Zübeyde Erdoğan Çelikkın
Mazbut vakıflar Osmanlı Devleti döneminde kurulmuş olup vakıf senedine göre atanabilecek mütevellisi kalmadığından Vakıflar Genel Müdürlüğü (VGM) tarafından yönetilen vakıflardır. DGM’nin en yüksek organı olan Vakıflar Meclisi oldukça büyük bir malvarlığına sahip bu vakıfların her türlü gelir getirici ve kültür varlıklarını satmaya, başka bir şeyle değiştirmeye, devretmeye, başka kişi ve kurumlara tahsis etmeye yetkilidir. Adalet ve Kalkınma Partisi’nin (AKP) iktidara geldikten sonra değiştirmek istediği ilk yasalardan biri 1935 yılından beri yürürlükte olan Vakıflar Yasası oldu. İlk girişim 2006 tarihli bir yasaydı; ancak Cumhurbaşkanı Ahmet Necdet Sezer’in vetosuna takıldı. Sezer’in görev süresini tamamlamasından sonra yasa yeniden gündeme geldi. 2008 yılında 5737 sayılı yasa kabul edildi ve Resmî Gazete’nde yayımlanarak yürürlüğe girdi. Yasa gerçekten çok önemliydi. Cemaat vakıflarının ekonomik olarak güçlenmesine yol açtığı gibi Osmanlı döneminden kalan vakıfları yeniden canlandırıyor ve bu bahaneyle merkezi ve yerel yönetimlerce kamu hizmetlerine tahsis edilen birçok taşınmazın ilgili mazbut vakıf adına tapuya tescil edilerek özel mülk eştirilmesinin yolu açılıyordu. Yani kamu hizmetleri için kullanılan birçok taşınmaz artık yöneticisi kalmamış, her türlü yönetim hakkı VGM geçmiş bulunan mazbut vakıflarına tescil yoluyla doğrudan doğruya siyaset-idarenin eline teslim edilmiş oluyordu.

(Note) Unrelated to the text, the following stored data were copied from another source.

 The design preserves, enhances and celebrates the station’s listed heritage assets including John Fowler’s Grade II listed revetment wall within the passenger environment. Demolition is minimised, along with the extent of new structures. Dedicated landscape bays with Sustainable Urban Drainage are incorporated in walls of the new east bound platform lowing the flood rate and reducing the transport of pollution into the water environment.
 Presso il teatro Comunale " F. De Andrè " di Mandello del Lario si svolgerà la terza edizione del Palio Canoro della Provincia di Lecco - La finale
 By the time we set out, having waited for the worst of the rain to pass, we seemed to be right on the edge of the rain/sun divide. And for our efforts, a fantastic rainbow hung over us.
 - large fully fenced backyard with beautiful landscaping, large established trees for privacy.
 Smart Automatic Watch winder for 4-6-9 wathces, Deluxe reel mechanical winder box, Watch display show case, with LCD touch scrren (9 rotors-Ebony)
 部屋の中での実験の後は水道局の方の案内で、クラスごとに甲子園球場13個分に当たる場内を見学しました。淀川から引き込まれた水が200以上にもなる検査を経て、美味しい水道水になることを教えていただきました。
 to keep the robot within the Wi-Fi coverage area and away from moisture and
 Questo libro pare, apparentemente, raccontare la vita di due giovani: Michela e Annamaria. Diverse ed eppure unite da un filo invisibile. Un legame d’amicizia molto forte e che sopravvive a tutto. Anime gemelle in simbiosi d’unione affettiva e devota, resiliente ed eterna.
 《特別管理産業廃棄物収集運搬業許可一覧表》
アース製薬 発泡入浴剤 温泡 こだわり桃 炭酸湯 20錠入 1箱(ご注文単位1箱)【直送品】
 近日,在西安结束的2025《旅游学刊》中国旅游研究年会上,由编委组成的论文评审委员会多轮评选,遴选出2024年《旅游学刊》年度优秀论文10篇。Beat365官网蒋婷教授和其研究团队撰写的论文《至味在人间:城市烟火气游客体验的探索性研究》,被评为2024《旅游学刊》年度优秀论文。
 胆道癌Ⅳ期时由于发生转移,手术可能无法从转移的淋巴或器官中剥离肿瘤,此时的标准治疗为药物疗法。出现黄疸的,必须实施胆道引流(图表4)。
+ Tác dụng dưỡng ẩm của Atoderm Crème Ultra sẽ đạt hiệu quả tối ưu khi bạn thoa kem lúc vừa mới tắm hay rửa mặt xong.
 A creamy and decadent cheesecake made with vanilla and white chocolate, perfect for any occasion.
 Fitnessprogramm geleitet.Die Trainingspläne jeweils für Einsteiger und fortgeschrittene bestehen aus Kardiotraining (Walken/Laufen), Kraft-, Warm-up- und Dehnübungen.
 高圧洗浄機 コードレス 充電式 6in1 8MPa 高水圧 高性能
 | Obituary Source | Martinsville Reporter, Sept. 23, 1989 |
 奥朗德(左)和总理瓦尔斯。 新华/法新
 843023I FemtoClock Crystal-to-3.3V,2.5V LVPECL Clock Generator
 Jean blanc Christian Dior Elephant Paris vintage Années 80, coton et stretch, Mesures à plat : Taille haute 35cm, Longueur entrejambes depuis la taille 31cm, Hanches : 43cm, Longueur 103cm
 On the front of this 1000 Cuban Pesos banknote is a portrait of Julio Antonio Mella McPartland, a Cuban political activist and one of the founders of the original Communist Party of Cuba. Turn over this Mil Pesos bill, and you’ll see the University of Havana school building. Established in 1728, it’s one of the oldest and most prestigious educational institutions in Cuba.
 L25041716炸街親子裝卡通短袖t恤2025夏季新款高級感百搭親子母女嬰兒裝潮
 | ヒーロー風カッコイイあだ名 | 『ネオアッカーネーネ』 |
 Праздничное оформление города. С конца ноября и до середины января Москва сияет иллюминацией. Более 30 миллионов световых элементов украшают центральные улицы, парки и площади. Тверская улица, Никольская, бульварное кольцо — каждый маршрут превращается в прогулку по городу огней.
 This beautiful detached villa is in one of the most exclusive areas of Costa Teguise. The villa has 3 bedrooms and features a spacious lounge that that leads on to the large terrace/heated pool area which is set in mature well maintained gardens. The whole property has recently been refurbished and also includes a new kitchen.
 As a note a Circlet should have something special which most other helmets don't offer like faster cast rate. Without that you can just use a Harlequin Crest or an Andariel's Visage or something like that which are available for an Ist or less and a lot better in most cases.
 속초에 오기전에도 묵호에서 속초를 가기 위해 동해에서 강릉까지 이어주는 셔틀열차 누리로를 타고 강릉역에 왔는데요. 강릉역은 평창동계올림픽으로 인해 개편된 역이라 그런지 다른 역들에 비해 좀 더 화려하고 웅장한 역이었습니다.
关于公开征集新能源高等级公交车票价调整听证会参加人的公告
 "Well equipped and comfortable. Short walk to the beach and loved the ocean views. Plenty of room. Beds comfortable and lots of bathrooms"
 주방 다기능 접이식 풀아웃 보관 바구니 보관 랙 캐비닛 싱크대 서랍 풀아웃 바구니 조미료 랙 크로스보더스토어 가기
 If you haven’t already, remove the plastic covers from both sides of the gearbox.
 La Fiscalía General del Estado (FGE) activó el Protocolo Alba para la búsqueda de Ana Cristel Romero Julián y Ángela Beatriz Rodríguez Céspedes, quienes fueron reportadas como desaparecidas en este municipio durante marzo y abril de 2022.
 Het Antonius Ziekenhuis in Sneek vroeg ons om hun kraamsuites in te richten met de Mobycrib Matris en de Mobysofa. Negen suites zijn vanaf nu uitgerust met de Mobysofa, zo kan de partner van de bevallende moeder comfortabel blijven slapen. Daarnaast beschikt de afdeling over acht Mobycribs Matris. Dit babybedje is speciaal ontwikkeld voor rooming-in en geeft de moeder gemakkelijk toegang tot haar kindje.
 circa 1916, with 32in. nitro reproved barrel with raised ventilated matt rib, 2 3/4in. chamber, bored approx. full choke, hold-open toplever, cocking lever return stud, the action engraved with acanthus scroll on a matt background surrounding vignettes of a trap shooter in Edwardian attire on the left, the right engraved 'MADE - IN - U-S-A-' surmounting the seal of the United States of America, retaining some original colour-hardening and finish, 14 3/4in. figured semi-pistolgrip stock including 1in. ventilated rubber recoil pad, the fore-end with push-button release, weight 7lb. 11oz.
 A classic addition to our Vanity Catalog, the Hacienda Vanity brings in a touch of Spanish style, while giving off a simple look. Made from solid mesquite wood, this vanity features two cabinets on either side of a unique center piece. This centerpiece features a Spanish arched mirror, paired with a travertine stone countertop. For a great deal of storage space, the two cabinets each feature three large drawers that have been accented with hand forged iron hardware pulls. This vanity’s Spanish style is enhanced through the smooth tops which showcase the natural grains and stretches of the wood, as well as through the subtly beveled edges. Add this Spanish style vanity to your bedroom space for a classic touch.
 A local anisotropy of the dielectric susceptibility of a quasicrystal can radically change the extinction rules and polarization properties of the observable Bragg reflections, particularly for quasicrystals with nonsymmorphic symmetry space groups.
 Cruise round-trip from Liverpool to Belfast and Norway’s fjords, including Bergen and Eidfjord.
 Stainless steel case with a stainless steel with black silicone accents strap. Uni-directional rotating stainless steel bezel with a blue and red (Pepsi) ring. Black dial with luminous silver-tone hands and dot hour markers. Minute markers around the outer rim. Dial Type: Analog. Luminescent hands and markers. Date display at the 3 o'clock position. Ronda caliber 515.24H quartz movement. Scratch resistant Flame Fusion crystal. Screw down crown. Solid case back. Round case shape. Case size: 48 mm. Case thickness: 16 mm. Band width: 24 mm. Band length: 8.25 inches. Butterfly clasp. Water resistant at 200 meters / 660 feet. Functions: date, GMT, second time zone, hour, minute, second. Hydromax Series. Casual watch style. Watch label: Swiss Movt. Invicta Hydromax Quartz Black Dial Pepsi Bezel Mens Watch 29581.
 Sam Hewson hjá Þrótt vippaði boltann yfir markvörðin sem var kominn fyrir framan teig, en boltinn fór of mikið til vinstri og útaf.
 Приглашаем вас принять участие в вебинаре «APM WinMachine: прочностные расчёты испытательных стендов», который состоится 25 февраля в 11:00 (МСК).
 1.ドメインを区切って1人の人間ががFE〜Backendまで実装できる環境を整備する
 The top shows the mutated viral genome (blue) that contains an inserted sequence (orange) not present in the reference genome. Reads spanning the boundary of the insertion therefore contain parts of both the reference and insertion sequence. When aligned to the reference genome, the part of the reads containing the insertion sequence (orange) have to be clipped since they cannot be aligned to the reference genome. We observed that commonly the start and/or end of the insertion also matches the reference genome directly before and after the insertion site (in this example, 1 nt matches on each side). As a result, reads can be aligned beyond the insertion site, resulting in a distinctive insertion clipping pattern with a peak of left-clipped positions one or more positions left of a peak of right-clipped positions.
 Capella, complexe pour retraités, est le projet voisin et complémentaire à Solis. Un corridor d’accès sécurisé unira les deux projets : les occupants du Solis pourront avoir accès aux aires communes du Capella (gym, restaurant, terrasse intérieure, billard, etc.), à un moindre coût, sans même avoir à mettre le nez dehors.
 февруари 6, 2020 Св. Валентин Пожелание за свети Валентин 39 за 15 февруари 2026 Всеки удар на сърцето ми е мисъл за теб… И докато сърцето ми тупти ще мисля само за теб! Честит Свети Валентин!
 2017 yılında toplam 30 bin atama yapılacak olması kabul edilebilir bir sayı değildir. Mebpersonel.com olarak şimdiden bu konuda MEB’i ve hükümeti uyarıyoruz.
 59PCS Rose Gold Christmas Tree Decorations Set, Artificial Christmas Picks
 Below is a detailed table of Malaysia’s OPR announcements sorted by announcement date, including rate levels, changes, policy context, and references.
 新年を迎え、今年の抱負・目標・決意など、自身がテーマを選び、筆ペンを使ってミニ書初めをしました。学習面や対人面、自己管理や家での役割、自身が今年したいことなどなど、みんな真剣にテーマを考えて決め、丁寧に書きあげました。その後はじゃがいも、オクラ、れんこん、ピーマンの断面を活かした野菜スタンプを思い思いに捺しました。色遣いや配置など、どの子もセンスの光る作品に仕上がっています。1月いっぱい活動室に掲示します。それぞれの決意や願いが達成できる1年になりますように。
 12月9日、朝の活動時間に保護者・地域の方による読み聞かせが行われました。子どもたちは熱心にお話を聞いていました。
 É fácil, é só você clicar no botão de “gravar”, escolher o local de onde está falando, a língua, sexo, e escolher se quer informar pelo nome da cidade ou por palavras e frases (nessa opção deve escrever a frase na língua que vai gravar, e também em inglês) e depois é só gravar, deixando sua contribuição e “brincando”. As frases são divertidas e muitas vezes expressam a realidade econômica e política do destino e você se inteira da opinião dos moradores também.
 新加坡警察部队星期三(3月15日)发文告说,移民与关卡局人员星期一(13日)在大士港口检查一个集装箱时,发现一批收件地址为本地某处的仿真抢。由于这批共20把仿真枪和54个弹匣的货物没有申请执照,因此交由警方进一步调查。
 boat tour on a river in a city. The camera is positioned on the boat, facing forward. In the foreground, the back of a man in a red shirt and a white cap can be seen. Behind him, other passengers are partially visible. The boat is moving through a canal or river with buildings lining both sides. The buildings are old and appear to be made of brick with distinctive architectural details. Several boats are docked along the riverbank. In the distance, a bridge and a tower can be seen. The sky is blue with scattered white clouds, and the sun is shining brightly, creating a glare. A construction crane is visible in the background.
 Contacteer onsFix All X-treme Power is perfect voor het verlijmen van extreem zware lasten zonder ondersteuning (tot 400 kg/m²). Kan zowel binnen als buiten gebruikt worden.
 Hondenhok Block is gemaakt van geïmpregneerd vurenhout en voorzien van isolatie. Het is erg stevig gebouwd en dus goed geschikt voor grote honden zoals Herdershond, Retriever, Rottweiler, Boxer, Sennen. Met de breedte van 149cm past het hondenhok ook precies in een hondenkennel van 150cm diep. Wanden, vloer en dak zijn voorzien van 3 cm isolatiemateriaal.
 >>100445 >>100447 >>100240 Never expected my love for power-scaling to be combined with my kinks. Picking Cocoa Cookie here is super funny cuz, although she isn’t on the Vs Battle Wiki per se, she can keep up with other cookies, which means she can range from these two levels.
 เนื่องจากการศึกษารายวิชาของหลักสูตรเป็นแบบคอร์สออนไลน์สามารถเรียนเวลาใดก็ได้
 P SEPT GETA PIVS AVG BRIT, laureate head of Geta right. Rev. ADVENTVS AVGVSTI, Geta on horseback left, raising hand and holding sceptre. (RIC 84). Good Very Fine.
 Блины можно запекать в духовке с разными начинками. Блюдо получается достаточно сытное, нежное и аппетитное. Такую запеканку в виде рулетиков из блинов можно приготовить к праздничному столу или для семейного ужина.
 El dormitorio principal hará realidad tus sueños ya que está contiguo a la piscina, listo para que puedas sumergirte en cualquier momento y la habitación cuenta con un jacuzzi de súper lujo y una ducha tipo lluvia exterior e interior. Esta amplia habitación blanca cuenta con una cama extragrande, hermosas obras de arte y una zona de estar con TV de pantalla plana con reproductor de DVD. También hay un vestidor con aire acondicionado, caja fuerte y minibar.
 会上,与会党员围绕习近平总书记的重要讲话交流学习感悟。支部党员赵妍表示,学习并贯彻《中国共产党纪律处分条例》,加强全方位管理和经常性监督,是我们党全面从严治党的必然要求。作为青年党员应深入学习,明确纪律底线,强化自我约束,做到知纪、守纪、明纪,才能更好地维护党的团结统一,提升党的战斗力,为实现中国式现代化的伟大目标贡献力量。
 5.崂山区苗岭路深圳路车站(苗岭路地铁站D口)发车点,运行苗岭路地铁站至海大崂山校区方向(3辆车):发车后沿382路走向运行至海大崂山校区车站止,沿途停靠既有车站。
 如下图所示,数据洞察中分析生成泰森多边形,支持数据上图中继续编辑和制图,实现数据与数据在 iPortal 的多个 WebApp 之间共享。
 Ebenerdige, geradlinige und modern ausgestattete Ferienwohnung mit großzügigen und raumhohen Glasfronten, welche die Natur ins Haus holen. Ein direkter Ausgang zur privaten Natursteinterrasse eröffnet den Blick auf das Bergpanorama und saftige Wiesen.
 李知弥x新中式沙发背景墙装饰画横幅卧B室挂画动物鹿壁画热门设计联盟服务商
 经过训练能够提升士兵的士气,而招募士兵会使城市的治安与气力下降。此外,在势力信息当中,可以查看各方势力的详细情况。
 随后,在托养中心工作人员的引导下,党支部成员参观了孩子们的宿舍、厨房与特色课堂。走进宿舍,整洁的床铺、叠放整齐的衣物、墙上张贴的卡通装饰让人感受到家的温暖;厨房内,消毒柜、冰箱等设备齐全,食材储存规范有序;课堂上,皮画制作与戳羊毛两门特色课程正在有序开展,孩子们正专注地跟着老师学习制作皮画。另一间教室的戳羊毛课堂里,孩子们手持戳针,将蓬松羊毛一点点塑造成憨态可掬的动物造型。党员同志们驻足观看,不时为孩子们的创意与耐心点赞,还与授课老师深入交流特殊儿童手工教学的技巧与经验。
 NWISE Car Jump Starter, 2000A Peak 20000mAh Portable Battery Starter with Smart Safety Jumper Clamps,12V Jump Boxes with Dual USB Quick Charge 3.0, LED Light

2008 tarihli yasanın 30. maddesindeki “Vakıf yoluyla meydana gelip de her ne suretle olursa olsun Hazine, belediye, özel idarelerin veya köy tüzel kişiliğinin mülkiyetine geçmiş vakıf kültür varlıkları mazbut vakfına devrolunur.” hükmü uyarınca 2008-2021 döneminde 1014 taşınmaz mazbut vakfı adına tescil edilerek VGM kullanımına bırakılmıştır (1). Gezi Parkı başta olmak üzere Galata Kulesi, Şişli Etfal Hastanesi ve Selimiye Kışlası gibi birçok taşınmaz mazbut vakıflara ait denilerek ilgili vakıf adına tescil edilmiştir. Bu uygulamadan cemaat vakıfları da yararlanmış ve 2018 yılı itibariyle 1084 adet taşınmaz, Lozan Antlaşması’nda sayılan Ermeni, Rum ve Yahudi vakıfları yanında 1984 yılında tanınan Bulgar Esrarlıyı ve Süryani vakıfları adına tescil edilmiştir (2). Son yıllara ait veriler VGM resmî sitesinde ve faaliyet raporlarında yer almamıştır.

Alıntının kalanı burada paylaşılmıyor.